The Z-Test

We have seen sample and population statistics in an earlier post. We continue developing from there, but this time using the concepts for hypothesis testing. Suppose we have an established population mean and standard deviation. To that, a new sampling statistic is introduced. The task is to test if the understanding (a.k.a. the null hypothesis) needs an update.

\text{z-statistic} = \frac{\text{sample mean} - \text{population mean}}{\text{population standard deviation}\sqrt{\text{sample size}}}

By the way, the resemblance of the equation with the story of constructing the confidence interval is not coincidental. They are both related.

Take an example: A farmer shows sample results (mean = 58 g. from a sample of 40 eggs) and claims eggs from her farm weigh more than the national average. The national average is 54 g. and has a standard deviation of 10 g. How do you test her claim?

First, create the null hypothesis: the farmer’s eggs are within the national average. The alternative hypothesis is that they are heavier than the national. We set a 5% significance level.

As per the formula, Z = (58-54)/(10 x sqrt(40))= 2.53. Now compare the position of 2.53 in a standard normal distribution, the assumption we made for the Z-statistic. The location of 2.53 is marked as a black dot in the plot below, and the start of the critical region (> 95% or <5%), by the red arrow.

So what is the p-value here?

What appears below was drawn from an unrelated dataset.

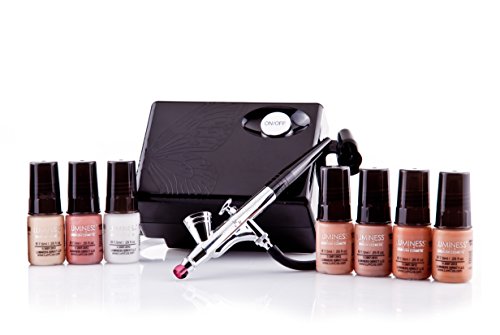 Beauty is in the air with luminess air's basic airbrush system. Reveal skins natural beauty with our dermatologist tested and recommended airbrush system that helps eliminate cross contamination resulting in healthier looking skin. This revolutionary airbrush system allows for easy, quick and long lasting applications of airbrush foundation, blush, primers, skincare , eyeshadows, and much more. Luminess air's specially formulated foundation allows you to spray away a verity of unwanted imperfections such as acne, discoloration, dark circles, bruising, varicose veins, scars, wrinkles, tattoos, and more. Our makeup allows skin to breathe without sacrificing coverage-airbrushing with luminess air gives sheer to ultra-coverage minus the appearance of heavy or cakey makeup. This system come with a guaranteed 8 piece color match starter kit giving you everything needed to create a flawless, camera ready look from head to toe. Available in light, medium and dark skin tone packages. Makeup kit includes: Basic Airbrush Compressor and TechnIQue No Mess Tip Stylus AC Adaptor 1 Year Warranty 4 – 0.55oz bottles Ultra foundation 1 – 0.25oz Blush 1 – 0.25oz Skin Brightening Glow 1 – 0.25oz Moisturizer/PrimerFeature

The probability that we observe a z-statistic 2.53 and above, given the null hypothesis. In other words, p is the area under the curve above the value 2.53. You can get that using the R function, pnorm (The function pnorm returns the integral from -infinity to q of the normal distribution where q is a Z-score.) and subtracting it from 1 (the total integral from -infy to +infy). The value of p is 1 – pnorm(2.53) = 1 – 0.9943 = 0.0057.

Farmer’s data has only a 0.57% chance to stand with the null hypothesis. So we reject the null hypothesis and accept the notion that the farmer’s eggs are heavier than the national average.